The foregoing seven species of animals are the ones most commonly seen in East Africa. Perhaps something about some of the less common ones will have some instructive value.

CHAPTER XV

SOME NATURAL HISTORY IN WHICH IT IS REVEALED THAT A SING-SING WATERBUCK IS NOT A SINGING TOPI, AND THAT A TOPI IS NOT A SPECIES OF HEAD-DRESS

While reading an account of the trophies secured by Colonel Roosevelt on the Guas Ngishu Plateau, I was mystified by seeing the name of an animal I had never heard tell of—a singing topi. For a time I puzzled over this strange creature and finally evolved a satisfactory explanation of how the animal made its appearance in the despatches. Briefly, "there haint no sich animal," as the old farmer said when he saw his first dromedary in a circus; it was merely a mistake, due to the telegraphic abbreviations which foreign correspondents employ to save cable tolls.

What the correspondent meant to say was that the colonel had secured a sing-sing waterbuck and a topi. The word "waterbuck" was omitted because he assumed that everybody at home would know that a "sing-sing" was a species of waterbuck, wherein he was mistaken, for comparatively few people in America know what a sing-sing is, or, for that matter, what a topi is, or what a Uganda cob is. When his despatch had been transmitted through several operators on its way to the States the word "sing-sing" became "singing" and was supposed to be an adjective describing the topi. Hence the "singing topi."

The American paragraphers also had fun with the word "topi," for they thought a topi was a sun hat much worn in the hot countries. From this course of reasoning it was probably assumed that Colonel Roosevelt had shot some kind of a singing sun hat, which was certainly enough to cause comment.

There are two kinds of waterbuck that the East African hunter will find in the course of his travels, the common waterbuck which we saw in such numbers on the Tana River, and the Defassa, or "sing-sing" waterbuck, which is found in the higher altitudes up toward the Mau escarpment and Mount Elgon. Both of these varieties of waterbuck are beautiful animals, almost as large as a steer, and with great sweeping horns that often exceed twenty-five inches in length. In some instances the horns have been nearly three feet long, but the longest one that our party secured was only twenty-nine inches in length. As a trophy for a wall there are few heads in Africa more noble than that of the waterbuck.

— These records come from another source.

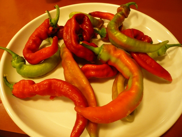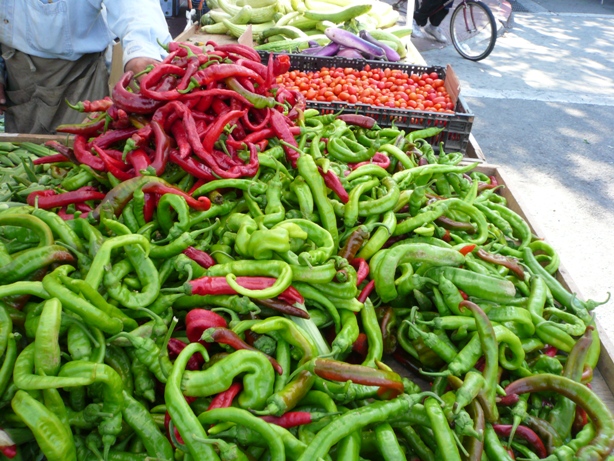 緑のしし唐は 当たり前ですが ここでは赤いしし唐が売っていたり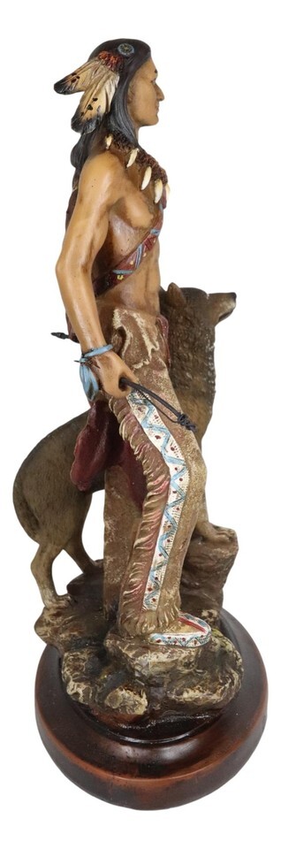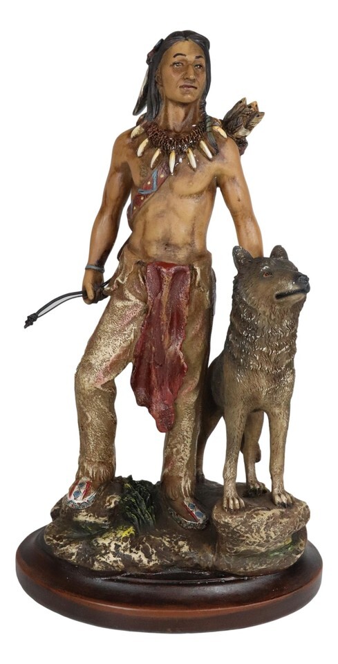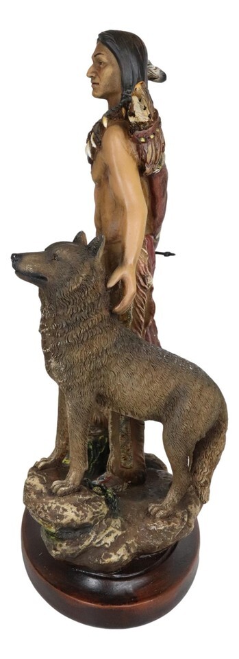 ? This Indian Warrior Chief With Wolf Figurine is made of polyresin, hand painted and polished individually. Color Tone May Vary slightly from pictures.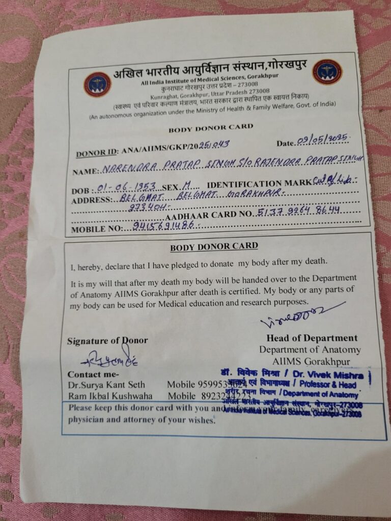 अब उन्होंने एक ऐतिहासिक और प्रेरणादायक कदम उठाया है — AIIMS, गोरखपुर में देहदान और अंगदान का संकल्प लेकर। यह कोई साधारण निर्णय नहीं है। यह एक ऐसा संकल्प है, जो मृत्यु के उपरांत भी जीवन देता है; जो विज्ञान को नई दिशा और पीड़ित मानवता को नई आशा देता है।

In all our wanderings, during which we saw at least two thousand waterbuck, we found that the does outnumbered the males by ten to one and that usually in a herd of twenty there would be only one big male and one or two smaller ones. We also never saw them in water, but usually not a great distance from a marsh or stream. They were much shier than the hartebeest and zebra, and upon seeing our approach would be the first to run away. And by a curious chance the does seemed to know that it was the buck only that was in danger. They would often turn to watch us, while the buck himself would keep on running until he had put many hundreds of yards between himself and the threatened danger. Then, and then only, would he turn to watch, and it usually required careful stalking to get within gunshot of him again.